A DNA nanorobot kills tumors by blocking the blood supply.

Solid tumors often develop an abnormal, excessive vasculature to meet the demand for nutrients and oxygen for cancer cell survival and growth. Blocking tumor vasculature is thus an attractive therapeutic strategy to starve tumor cells. However, it is critical that such a therapy could distinguish and block tumor blood vessels without affecting those in healthy tissues. Here, Li et al. offer a solution with a “smart,” tumor-hunting nanorobot design that uses DNA origami and encapsulated thrombin. The DNA robots selectively trigger intravascular thrombosis (blood clotting) in tumors, resulting in necrosis and inhibition of tumor growth in mouse models.

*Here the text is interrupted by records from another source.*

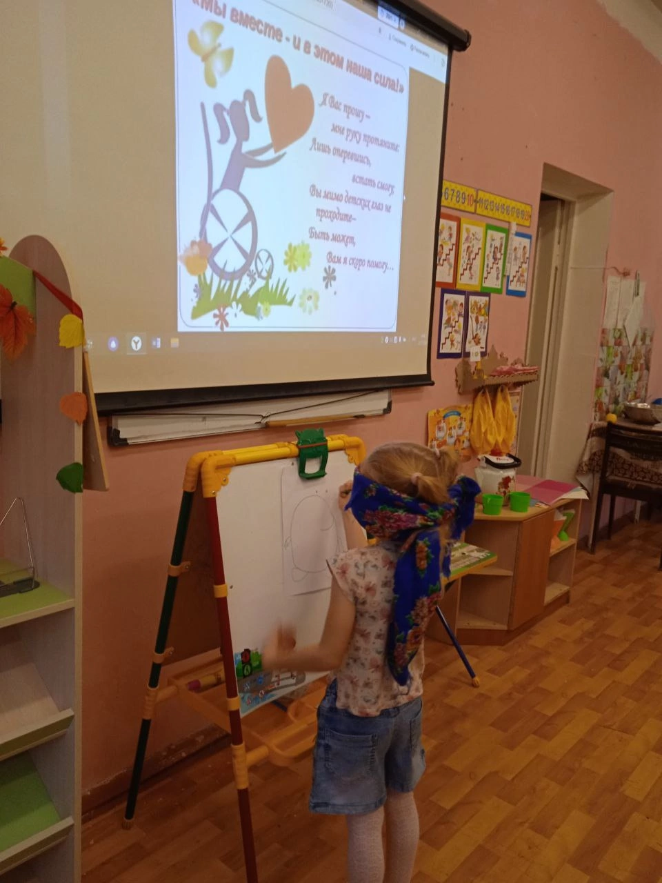 В рамках Всемирного дня инвалидов с ребятами старшей группы прошла беседа "Мир спасает доброта", целью которой было воспитание у детей таких качеств, как сострадание, доброжелательность, толерантность к людям с ограниченными возможностями здоровья, умение понять горе другого человека и посочувствовать ему, желание оказать помощь тому, кто в ней нуждается.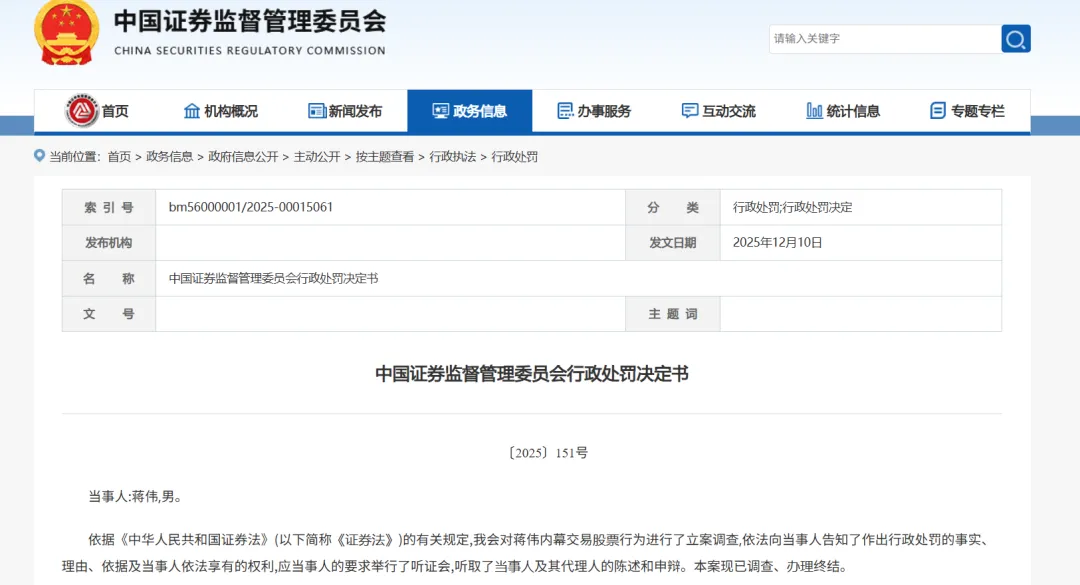 证监会日前更新披露的一则行政处罚决定书显示,蒋伟与相关内幕信息知情人存在联络接触,控制使用其本人及多个他人证券账户买入相关公司股票,内幕信息公开后全部卖出,共计获利470.97万元。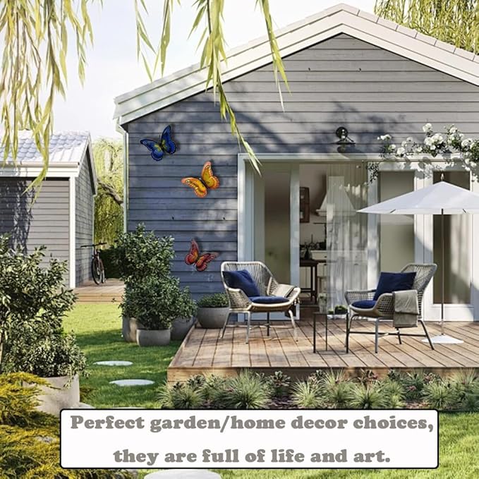 • UNIQUE DESIGN: We set double layer wings for the metal butterfly, not only the color is more eye-catching, but also increase the fun of the decoration process. You can adjust the curvature of the butterflies' wings according to your own preferences to make them more vivid in the garden

The authors designed a nanorobot consisting of a DNA origami nanotube self-assembled from a rectangular DNA origami sheet, with thrombin molecules attached and shielded on the inner side. The nanotube is “zipped” with fastener strands containing DNA aptamers that recognize nucleolin proteins selectively expressed by tumor vasculature. Upon reaching the target, the nanotube is “unzipped” back to a sheet to expose thrombin molecules, which induce blood coagulation. The researchers first characterized the structure and configuration of the thrombin-functionalized nanorobots. They confirmed the catalytic activity of thrombin in the nanorobot, the closed and open states of the nanorobot, and the recognition of cell-surface nucleolin by the fastener strands. The authors then showed that the fasteners could dissociate upon binding to recombinant or endothelial-expressed nucleolin, which in turn exposed the encapsulated thrombin within the nanorobots to cause blood coagulation. Nanorobots injected into tumor-bearing mice accumulated in tumor vasculature but were cleared from normal organs. They further demonstrated advanced thrombosis in tumor vessels and inhibition of tumor growth in mouse models of breast cancer, melanoma, lung, and ovarian cancer. The authors evaluated the safety of the nanorobot system and showed there was no cytotoxicity in cell cultures, nor observable thrombi in the cerebral microcirculation or evidence of an inflammatory immune response in mice. Last, the safety of nanorobots was confirmed in Bama miniature pigs, which resemble human anatomy and physiology.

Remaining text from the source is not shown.